She dug her hands into his shirt fabric and dragged him, hips swaying, backwards down the hall and into their master bedroom. The fading winter sun illuminated a fluffy white comforter thrown haphazardly across their bed from the morning’s activities. She backed up to it and tugged, tumbling him on top of her. They bounced together on the bed, him shielding her from his weight by landing on his forearms, and he answered her giggles by smiling down on her with pure satisfaction.
She tilted her head and teased him. “What?”
His smile turned serious. “I am not disappointed.”
“Oh?” She undulated beneath him, sliding her tight nipples across his broad chest and interlocking her legs around his taut buttocks. “Glad to hear it.”
He closed his eyes and sucked in a deep breath.
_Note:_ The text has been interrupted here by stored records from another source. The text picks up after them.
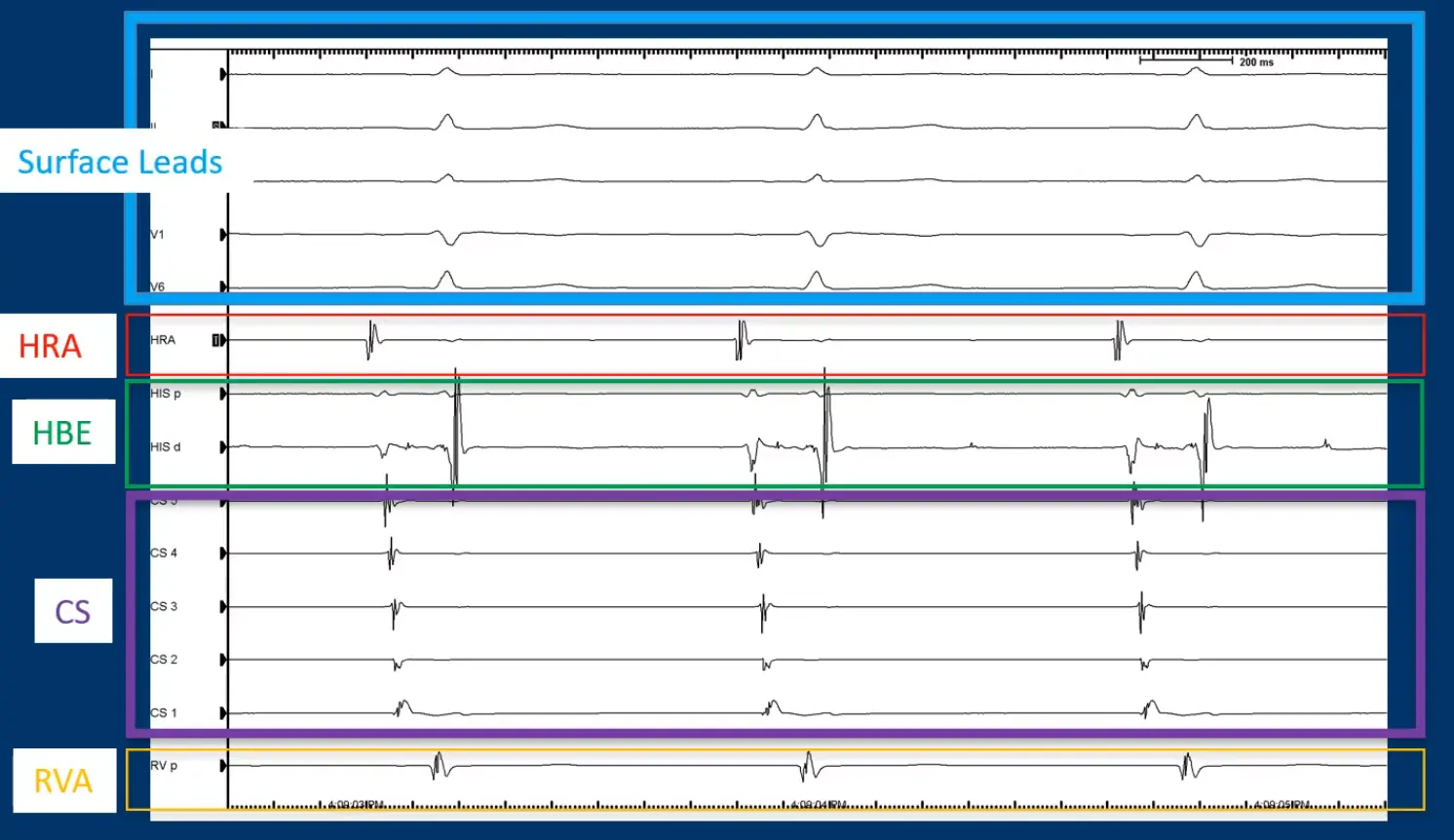 - Notice how the surface lead QRS is before the V on HBE. We use the surface V (QRS) to measure H-V interval, and not the local V (which tends to be after the surface V)
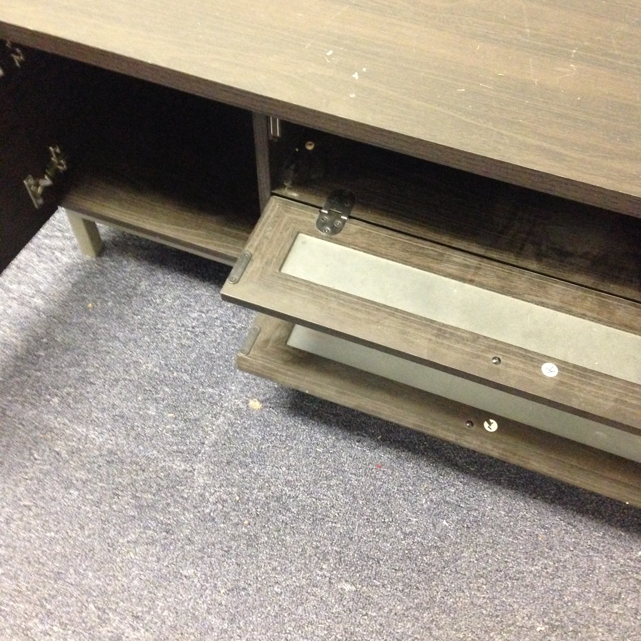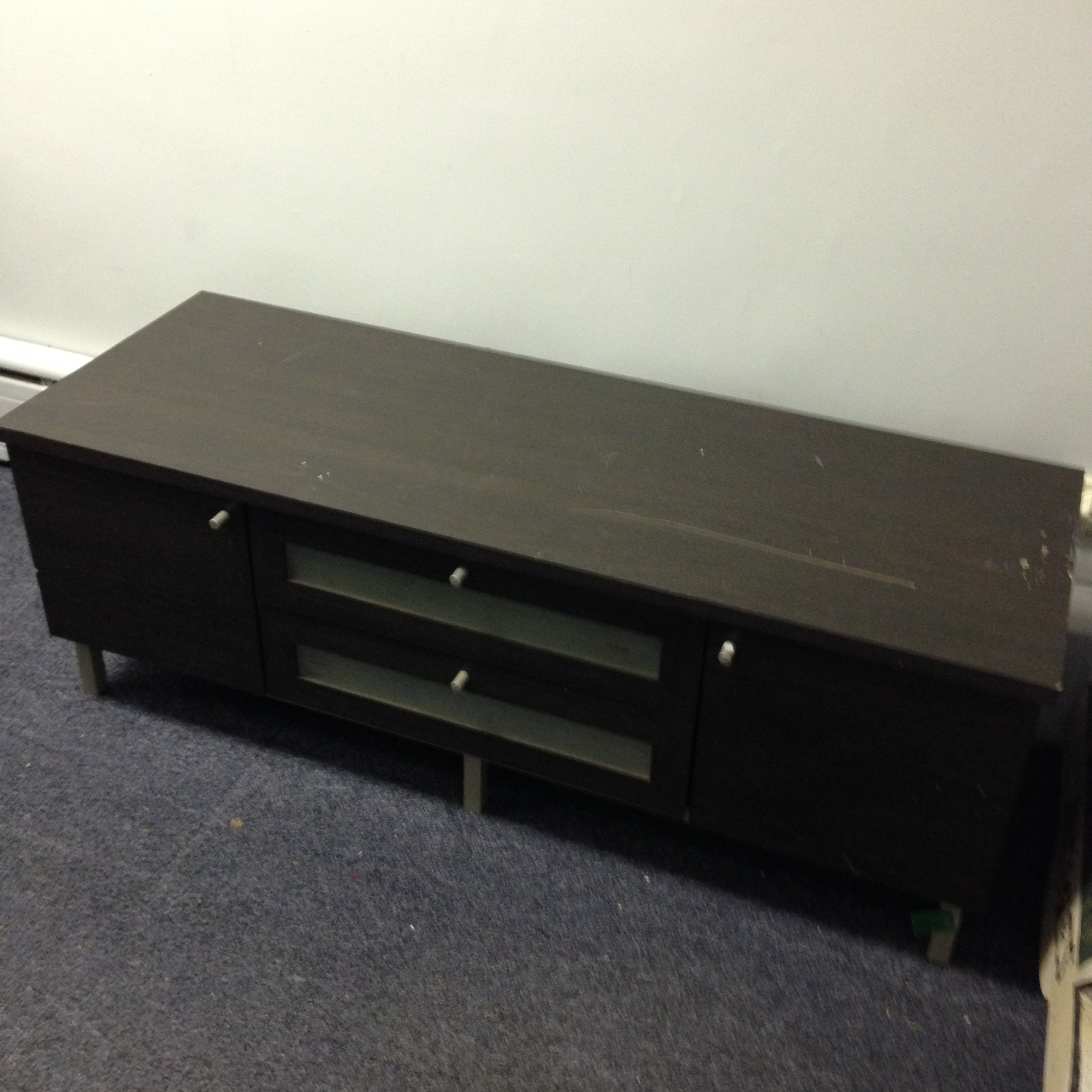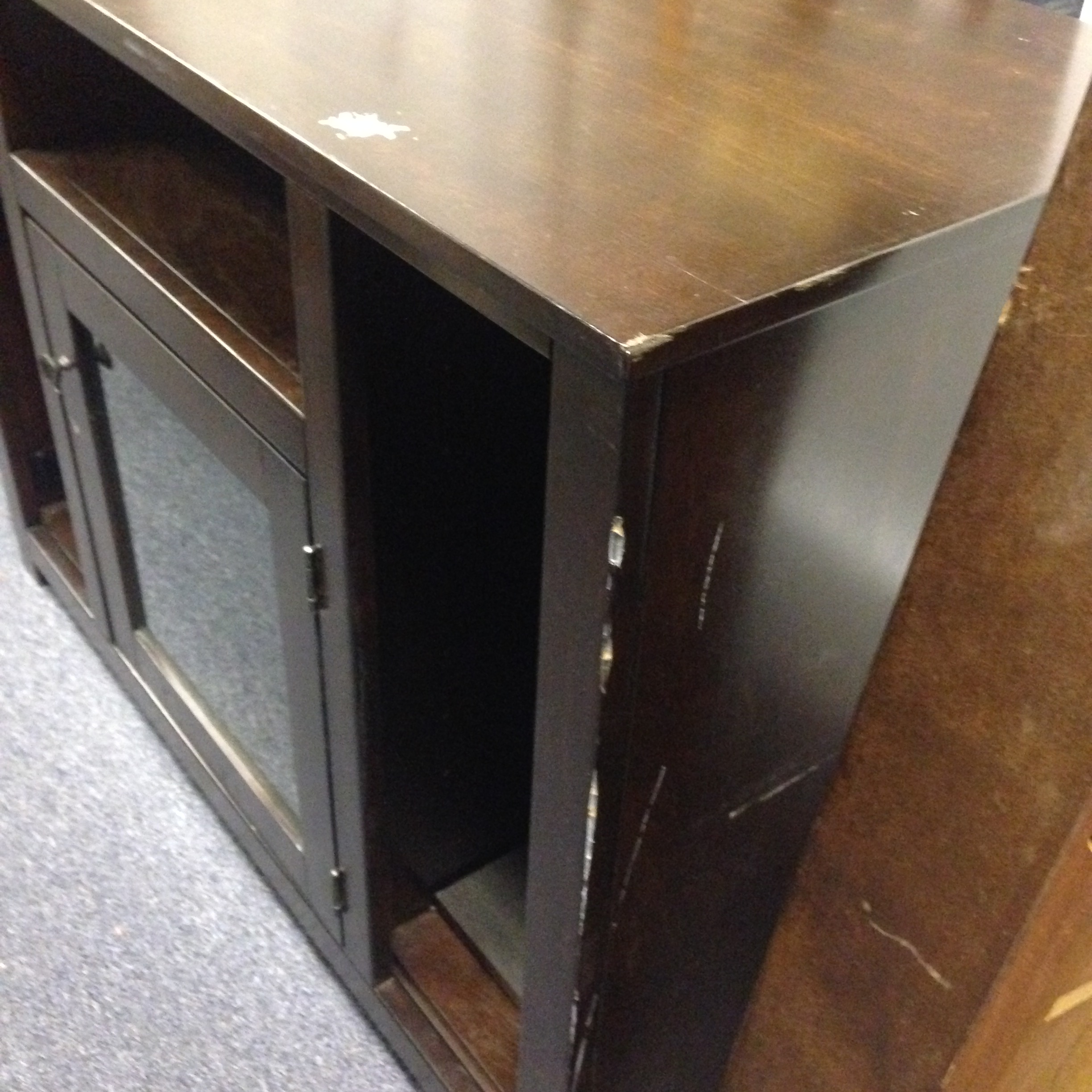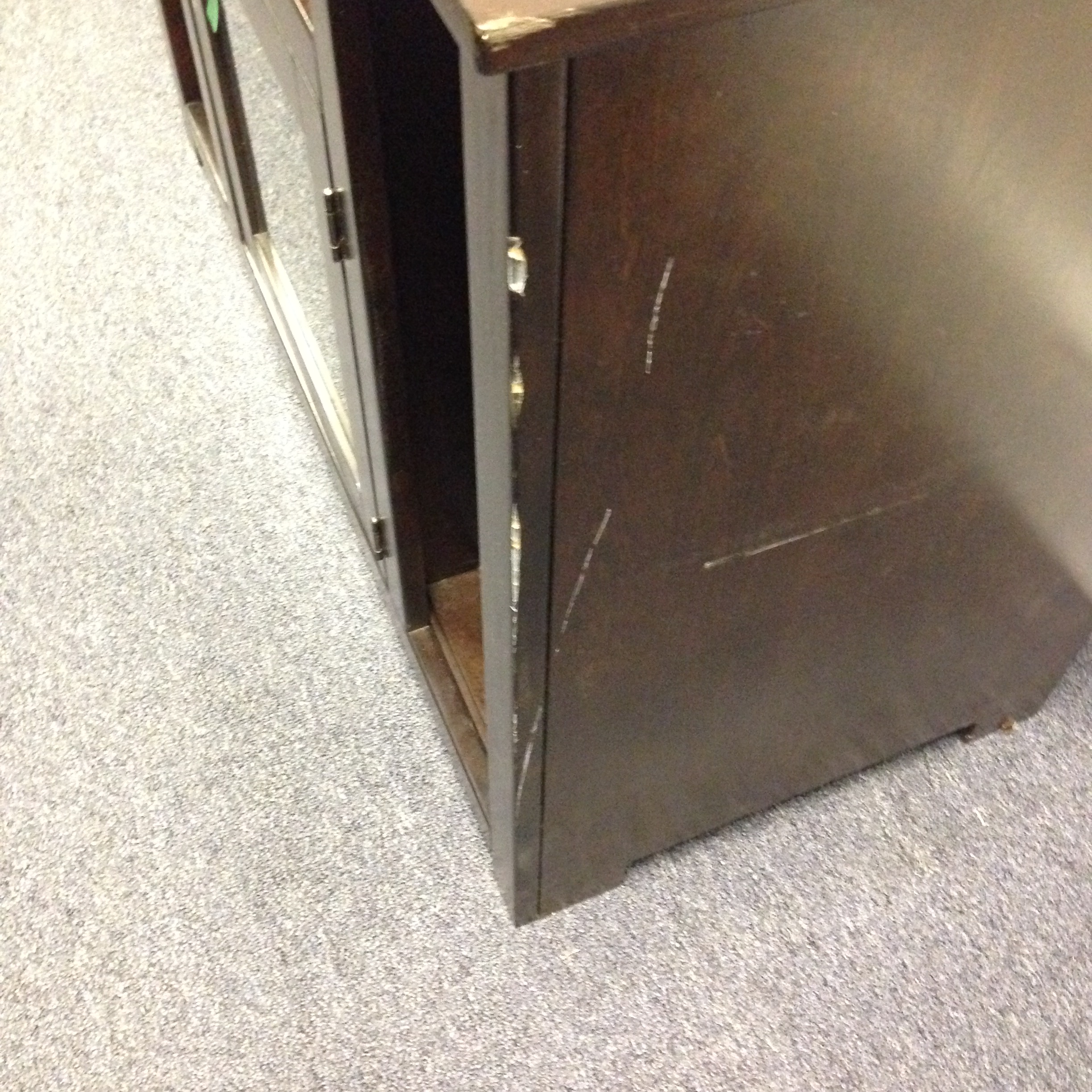 Entertainment Center #2. Tallish (maybe 3 feet high) and narrower than our other. This has a nice glassed in cabinet, with narrow shelves on the sides. Note the minor damage along the sides.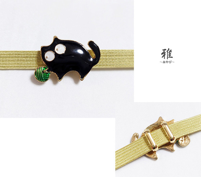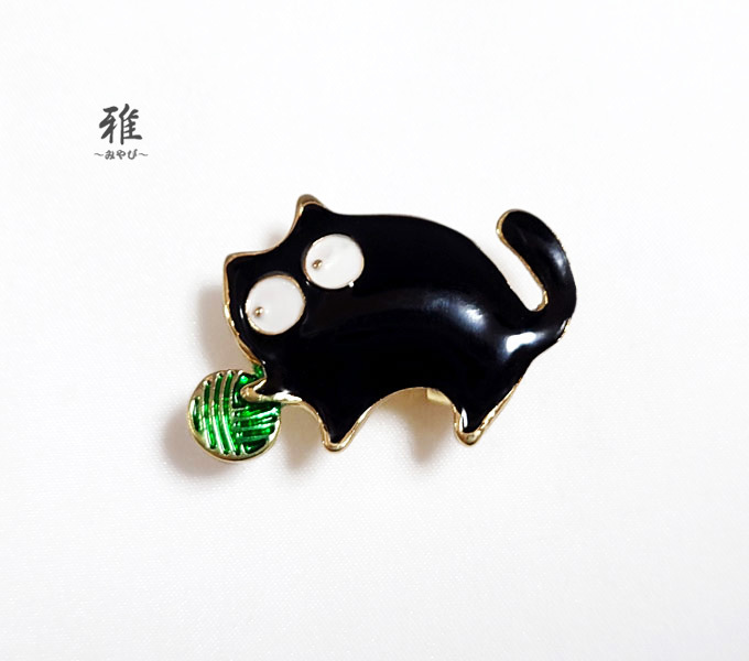 【 雅 】可愛い。o○毛糸玉と黒猫 帯留め(ブローチ変更可)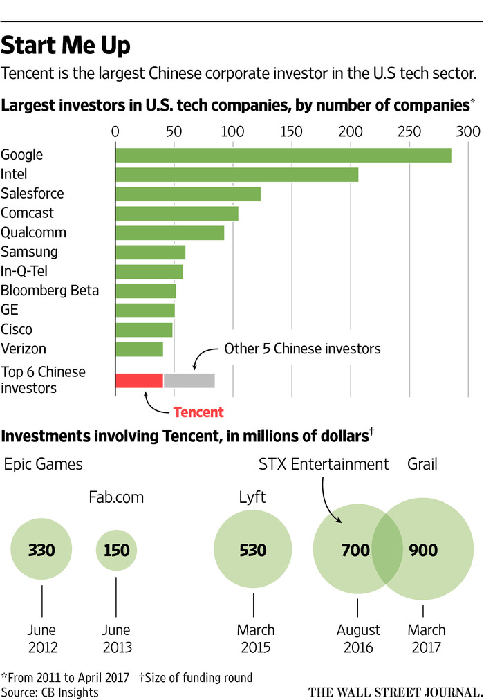 腾讯成为美国科技创业公司最大中国投资者:社交、游戏,还投了9家医疗企业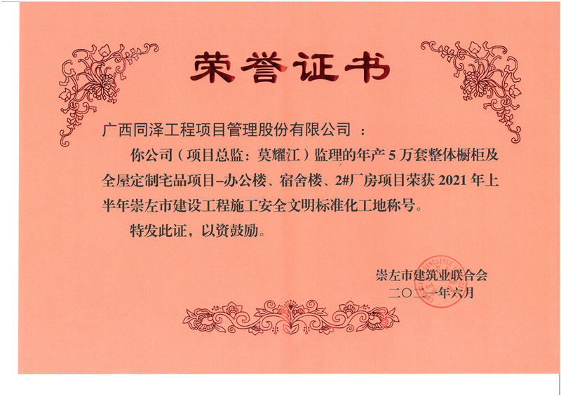 年產(chǎn)5萬(wàn)套整體櫥柜及全屋定制宅品二期項(xiàng)目榮獲2021年崇左市安全文明工地

Hot arousal made his cock pulse hard against her belly. She loved teasing him and he knew it. He opened his eyes with new seriousness. The lavender threads in his eyes gleamed. Mesmerizing.
She gave into her wish and captured his mouth, tangling tongues.
He slid his hand across her belly and lifted her undershirt, exposing her lace-covered breasts to his expert fingers. They had made love beneath and above the seas many times and his ability to satisfy her had only increased with experience. His hot, wet mouth closed over her eager nipple and pleasure streaked to her hot, throbbing pussy. She closed her eyes and arched into the delicious need he evoked in her.
They pushed and pulled out of clothes, intermixing kisses with exposed skin, tickles with sensual teasing.
He laved her with his tongue, licking and kissing down her trembling belly to her mons, delving beneath her lacy panties to her sensitive clit, and stroking her seam. She opened to his worship. He pressed his hard palm against her sex lips and moved just the way she liked, riding her desire like a fish cutting through the tide. His eyes locked on hers, sensing her reactions and seeking how to better please her. She held his gaze. Locked on it.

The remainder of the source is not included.